The collaboration, revealed on Tuesday, is expected to help the company identify new treatments more quickly and improve how medicines are developed, produced and delivered to patients. Novo Nordisk said the use of advanced AI tools will allow it to analyse vast and complex datasets, uncover patterns that were previously difficult to detect, and shorten the timeline from research to patient access.

Chief executive Mike Doustdar said the agreement marks an important step in positioning the company for the future of healthcare. He noted that millions of people living with chronic conditions such as obesity and diabetes still require better treatment options, adding that new therapies remain to be discovered.

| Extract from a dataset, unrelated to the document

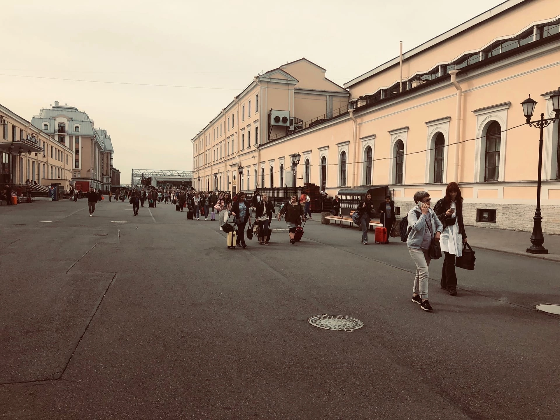 Московский вокзал без сутолоки и негатива. Пассажиры разошлись и мы спокойно пересекли площадь.

Novo Nordisk is widely known for its leading treatments in these areas, including Ozempic and Wegovy, which have seen strong global demand in recent years. The company said integrating AI into daily workflows will allow its teams to test ideas more rapidly and bring innovations to market at a faster pace.

The partnership will not be limited to research and development. Both companies plan to apply AI tools to manufacturing processes, supply chains and commercial operations, with pilot programmes already set to begin. Full integration is expected by the end of the year.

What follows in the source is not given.